====== MATERIAL PROVIDED
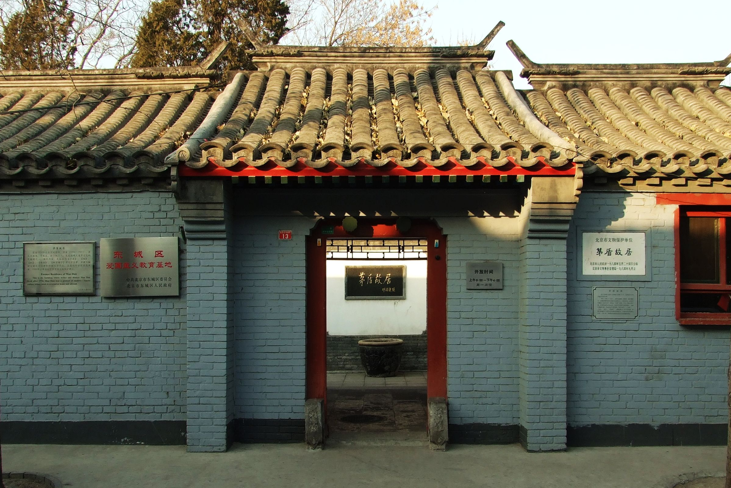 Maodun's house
============
====== MATERIAL PROVIDED
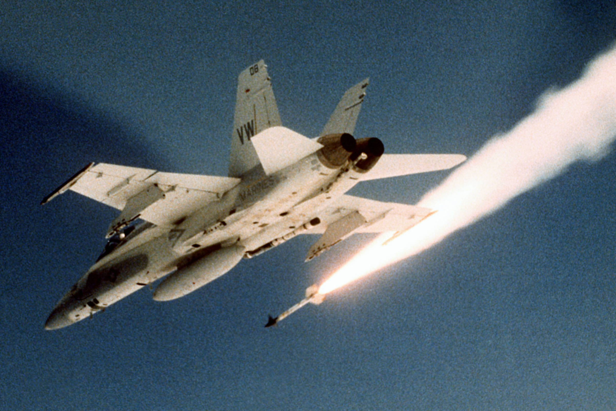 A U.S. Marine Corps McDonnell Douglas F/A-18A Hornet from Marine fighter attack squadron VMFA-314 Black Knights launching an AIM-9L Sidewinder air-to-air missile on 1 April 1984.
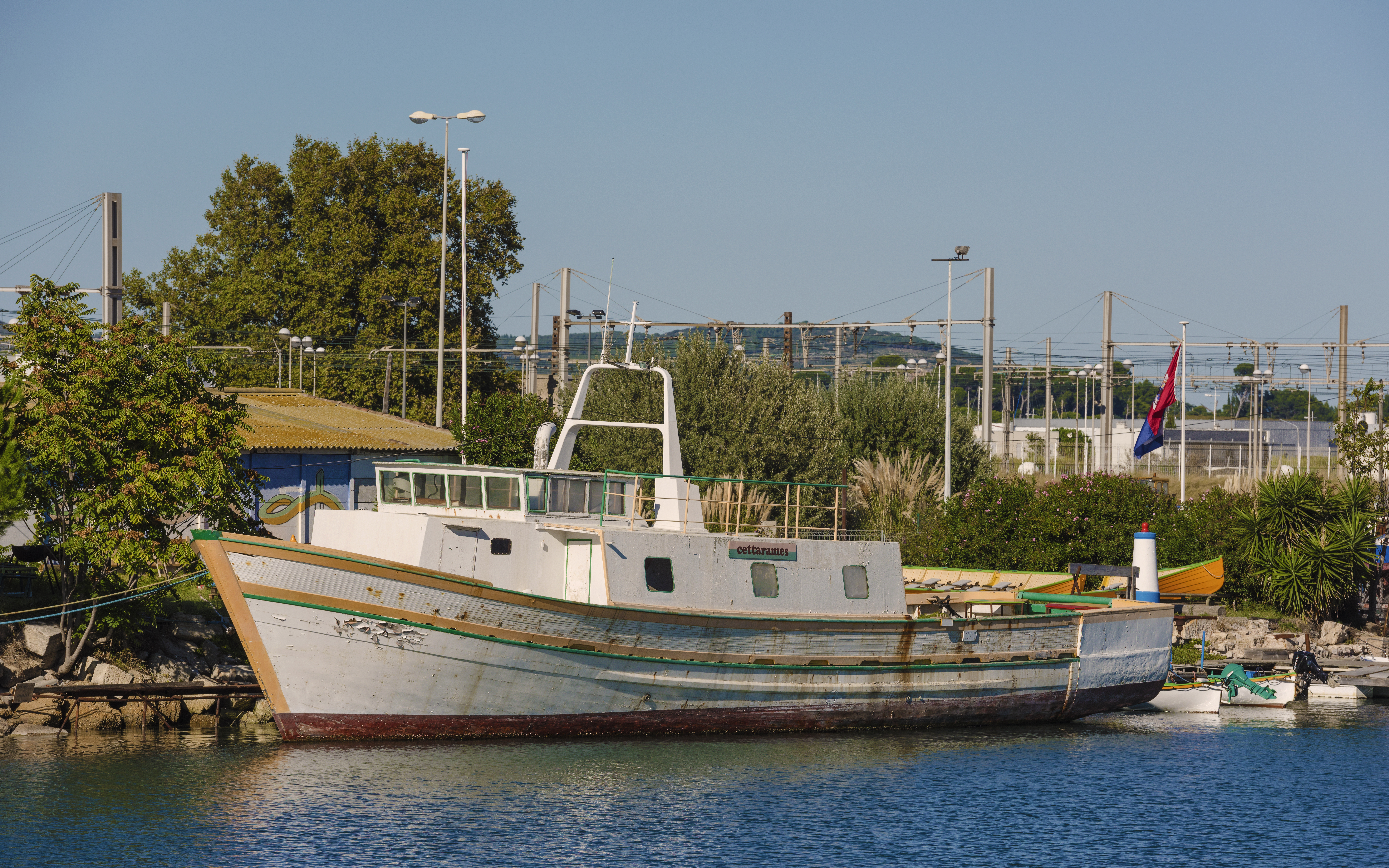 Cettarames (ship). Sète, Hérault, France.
============
====== MATERIAL PROVIDED
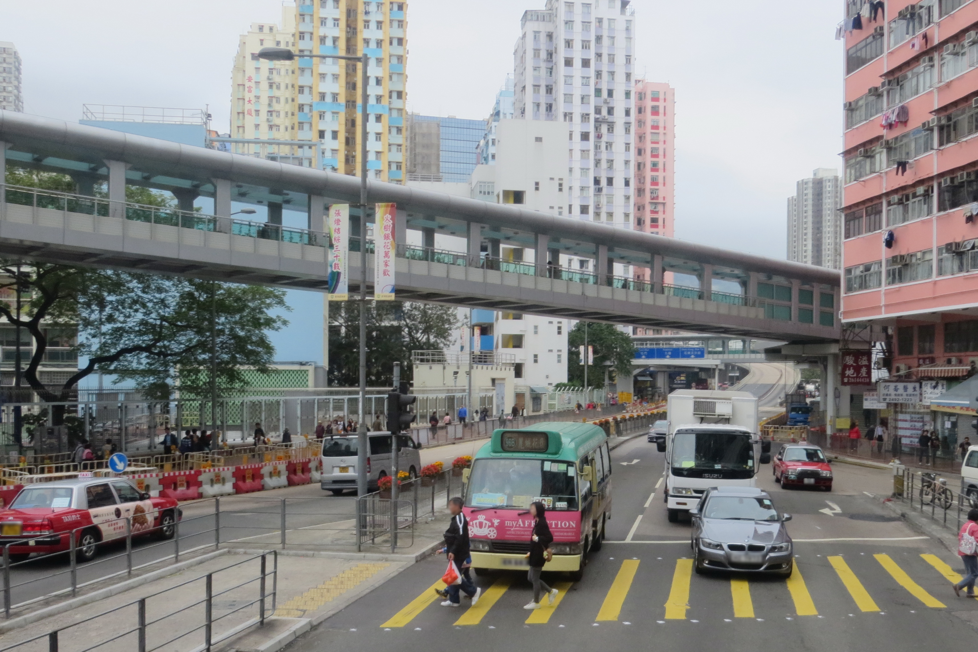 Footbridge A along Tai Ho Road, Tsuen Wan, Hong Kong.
============
WHAT THE TASK REQUIRES:
Take the material above from the line bearing "A U.S. Marine" through the line bearing "Cettarames (ship). Sète, Hérault, France." and write it out exactly, both end lines included. Pictures stay out.

REPLY TO THE EXERCISE:
 A U.S. Marine Corps McDonnell Douglas F/A-18A Hornet from Marine fighter attack squadron VMFA-314 Black Knights launching an AIM-9L Sidewinder air-to-air missile on 1 April 1984.
 Cettarames (ship). Sète, Hérault, France.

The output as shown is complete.